DYSPEPSIA GENERATION

We have seen the future, and it sucks.

Silicon Valley’s Oligarchs Got a Punch in the Head – and That’s Actually a Good Thing

10th November 2016

Read it.

Funny how British journalism is so much better than American DemLegHumpMedia vaporings.

A Republican trifecta (controlling the White House and both Houses) would be the big news today as it signals a “change election”, and it hasn’t happened since 1928. But Trump is Trump, so that isn’t even mentioned today.

I guess they’re too upset about the sky falling.

One piece of cultural context Europeans invariably forget is that much of America’s politics is done locally, at the town, state, country and state level. Almost all policing is local. The federal government is a distant, often sinister thing, perceived in large parts with some paranoia. Electing Jefferson Smith to go to Washington is regarded as a calculated, prudent measure, not an act of idiocy.

The Crust forget that America isn’t a unitary state like most of Europe — even though they’re trying their best to make it one.

The tech oligarchs had an extraordinary ride of luck. Silicon Valley successfully disguised an attack not just on the heartlands, but the unwritten social contract. If you study Google closely, what emerges is how much the very idea of humans irritates it, what an inconvenience we are. “Post human” isn’t some sci-fi fantasy, it’s a reasonable description of a world in which many jobs have been automated, and the individual’s property rights and identity rights have been pared right away to the bone. People have begun to notice that Silicon Valley doesn’t create jobs or prosperity – except for the oligarchs themselves.

They’re the smartest people in the room, and they’ve got the checkbooks to prove it.

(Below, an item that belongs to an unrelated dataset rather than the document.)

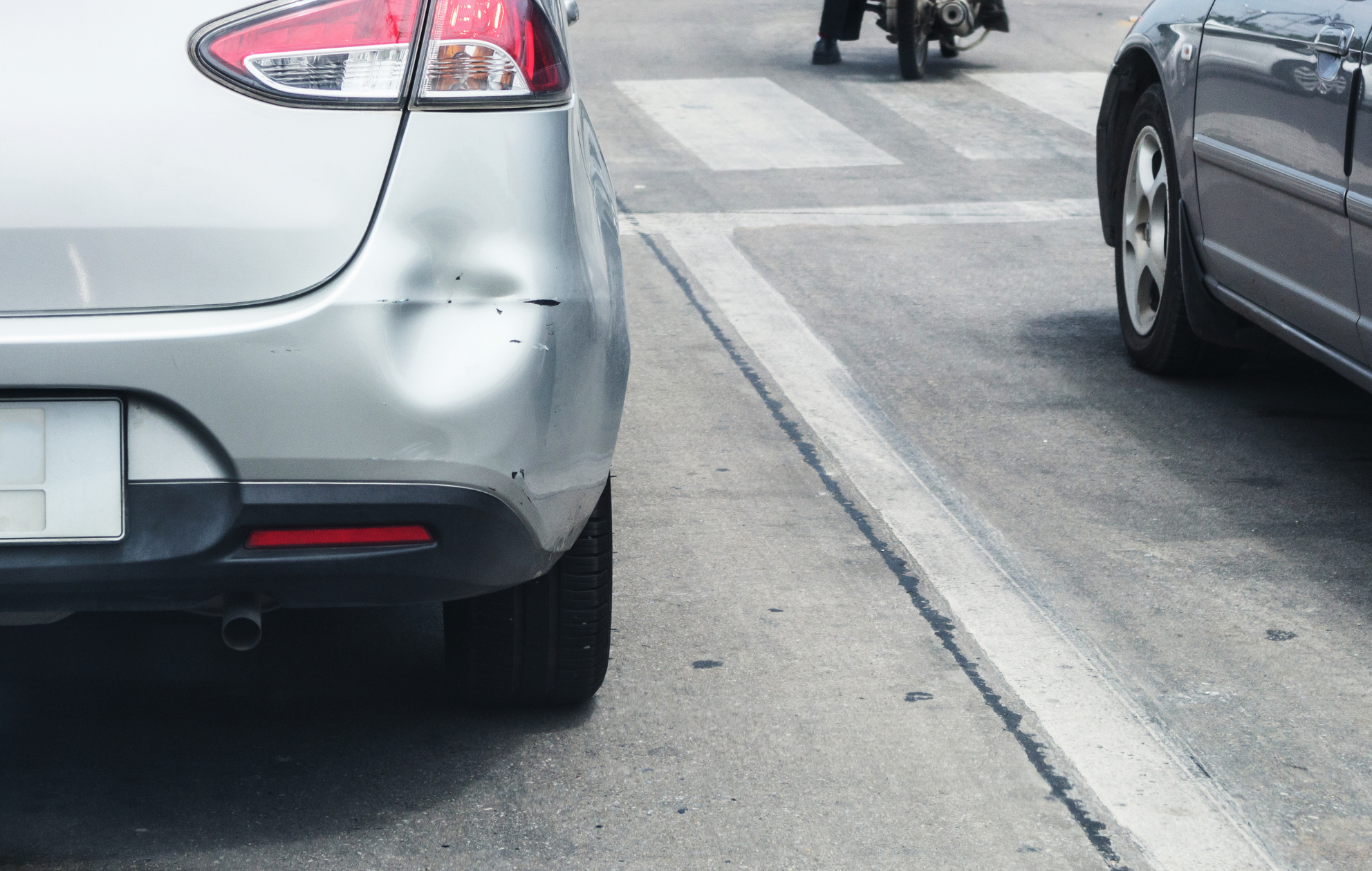Dented bumper showing the damage from a car accident during the holidays.

Trump’s victory, like Brexit, divides critics into two camps. It’s either a failure of the existing elites – such as the media and the current parties who have failed to heed people’s concerns, or it’s the fault of the people, who can then be vilified. The latter argument has the merit, for the elites, of absolving them from any fault for alienating voters, or pursuing self-indulgent and irrelevant pursuits – like having a tech policy. Eventually that leads to the elites wishing they had a new electorate, rather than listening and leading. And ultimately, that leads to a Trump.